TASK DIRECTIONS: An exact transcription is needed of the lines below from the one with "Paired with a" through the one with "На метке 12", with no other lines and no pictures.

DATA EXTRACT:
***
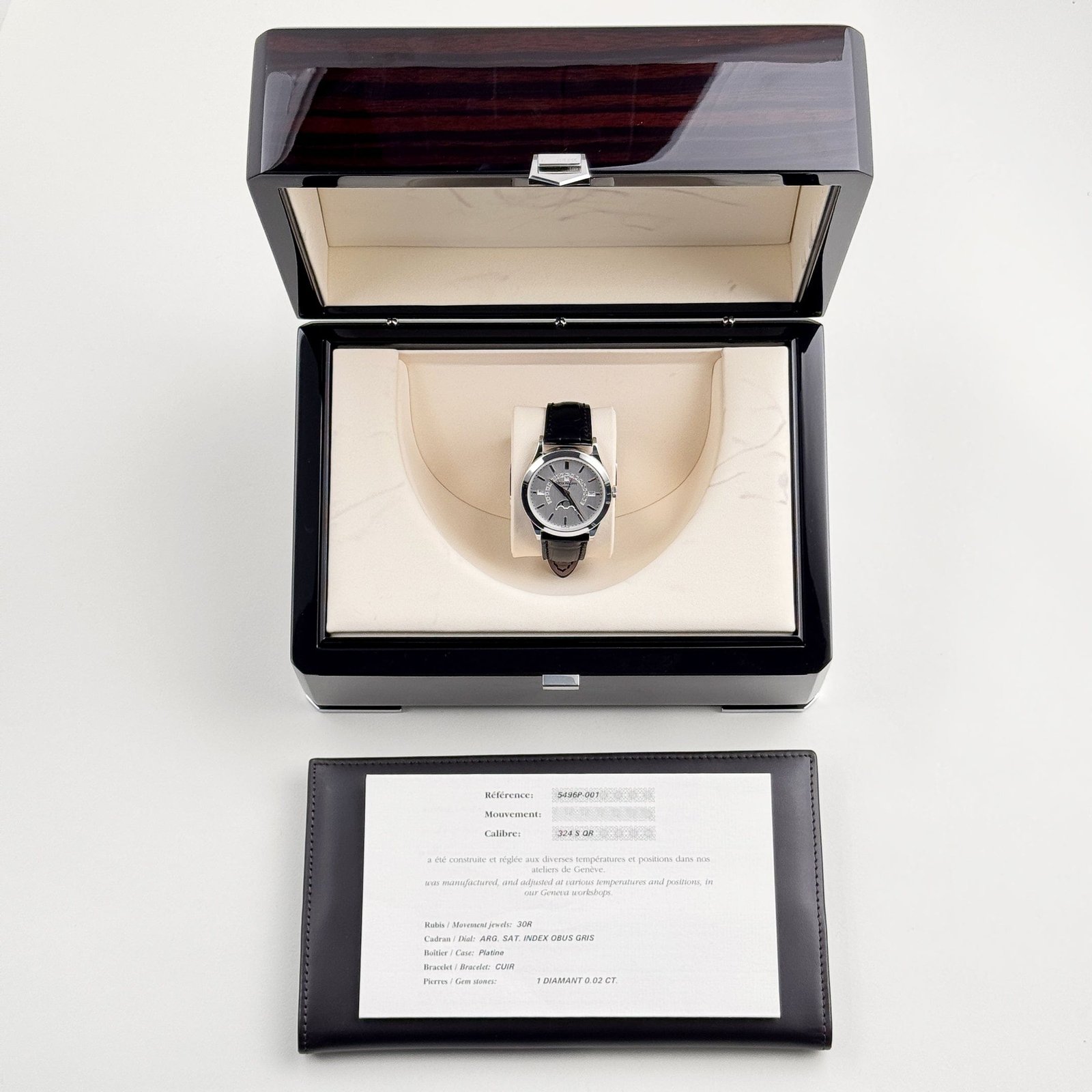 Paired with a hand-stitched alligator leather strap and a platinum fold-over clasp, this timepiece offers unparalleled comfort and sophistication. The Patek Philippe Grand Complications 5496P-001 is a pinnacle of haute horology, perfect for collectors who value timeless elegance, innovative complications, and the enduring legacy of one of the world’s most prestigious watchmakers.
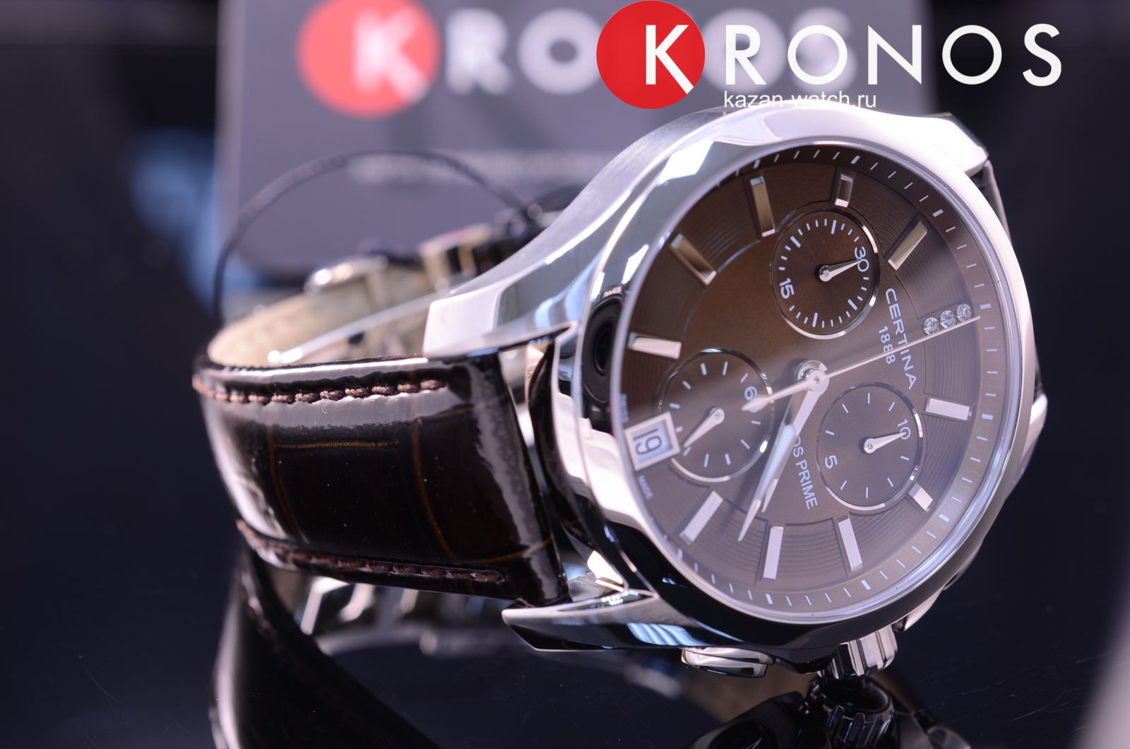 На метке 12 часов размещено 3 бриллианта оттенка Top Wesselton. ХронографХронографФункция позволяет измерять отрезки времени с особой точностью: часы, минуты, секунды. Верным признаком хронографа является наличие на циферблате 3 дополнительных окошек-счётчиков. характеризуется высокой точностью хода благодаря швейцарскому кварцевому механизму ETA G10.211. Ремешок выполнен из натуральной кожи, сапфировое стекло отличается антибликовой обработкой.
***
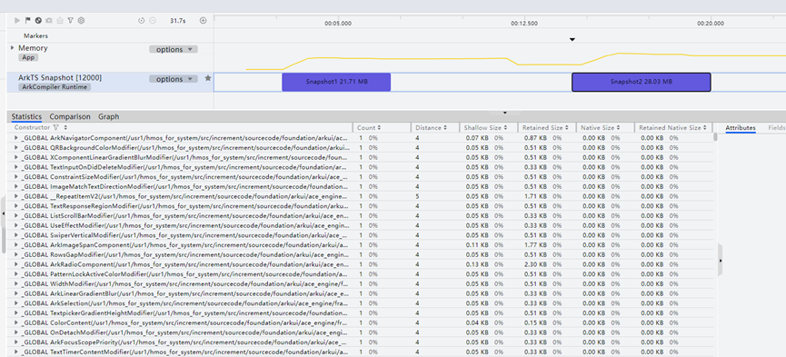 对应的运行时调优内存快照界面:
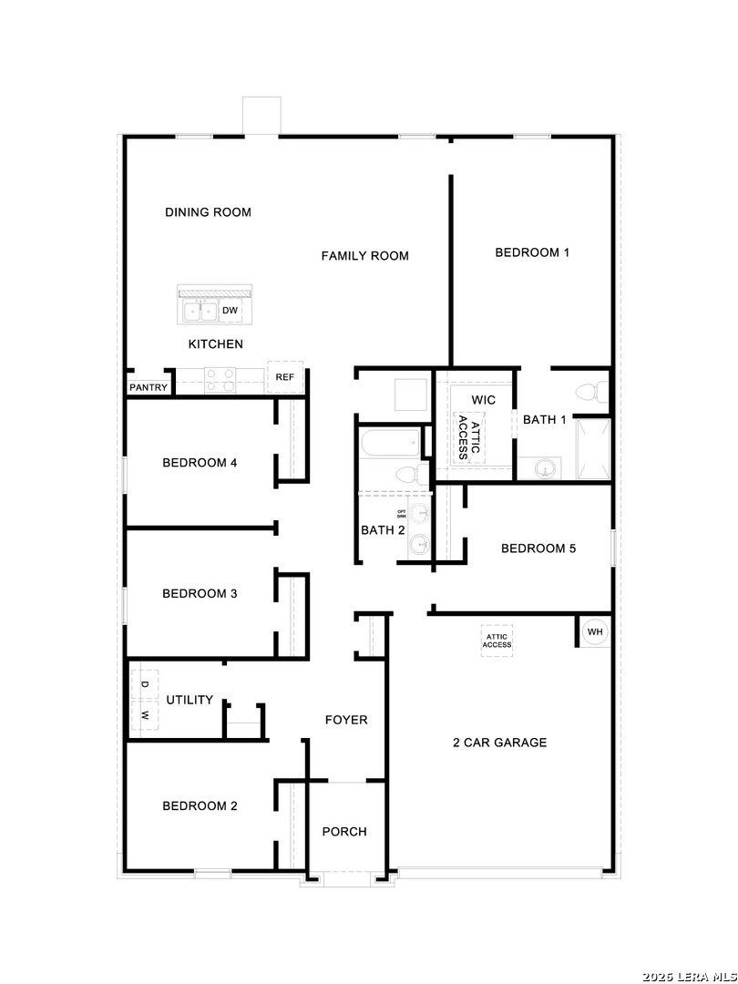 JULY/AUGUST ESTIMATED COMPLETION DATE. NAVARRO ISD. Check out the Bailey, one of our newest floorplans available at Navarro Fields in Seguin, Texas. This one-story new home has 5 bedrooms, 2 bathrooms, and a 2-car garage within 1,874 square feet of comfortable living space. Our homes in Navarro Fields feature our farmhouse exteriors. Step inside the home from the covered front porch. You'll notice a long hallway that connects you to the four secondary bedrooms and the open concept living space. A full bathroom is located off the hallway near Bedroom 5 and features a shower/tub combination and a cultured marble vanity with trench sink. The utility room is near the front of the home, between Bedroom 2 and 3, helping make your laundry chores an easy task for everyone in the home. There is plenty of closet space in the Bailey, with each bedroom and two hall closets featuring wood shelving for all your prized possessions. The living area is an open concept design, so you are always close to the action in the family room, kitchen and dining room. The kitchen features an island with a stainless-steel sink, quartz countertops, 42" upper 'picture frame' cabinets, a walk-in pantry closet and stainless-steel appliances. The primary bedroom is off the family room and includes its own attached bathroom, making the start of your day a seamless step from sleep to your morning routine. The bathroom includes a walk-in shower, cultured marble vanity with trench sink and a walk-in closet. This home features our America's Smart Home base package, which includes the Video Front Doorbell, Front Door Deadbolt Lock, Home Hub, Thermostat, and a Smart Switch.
***
WRITTEN SOLUTION:
 Paired with a hand-stitched alligator leather strap and a platinum fold-over clasp, this timepiece offers unparalleled comfort and sophistication. The Patek Philippe Grand Complications 5496P-001 is a pinnacle of haute horology, perfect for collectors who value timeless elegance, innovative complications, and the enduring legacy of one of the world’s most prestigious watchmakers.
 На метке 12 часов размещено 3 бриллианта оттенка Top Wesselton. ХронографХронографФункция позволяет измерять отрезки времени с особой точностью: часы, минуты, секунды. Верным признаком хронографа является наличие на циферблате 3 дополнительных окошек-счётчиков. характеризуется высокой точностью хода благодаря швейцарскому кварцевому механизму ETA G10.211. Ремешок выполнен из натуральной кожи, сапфировое стекло отличается антибликовой обработкой.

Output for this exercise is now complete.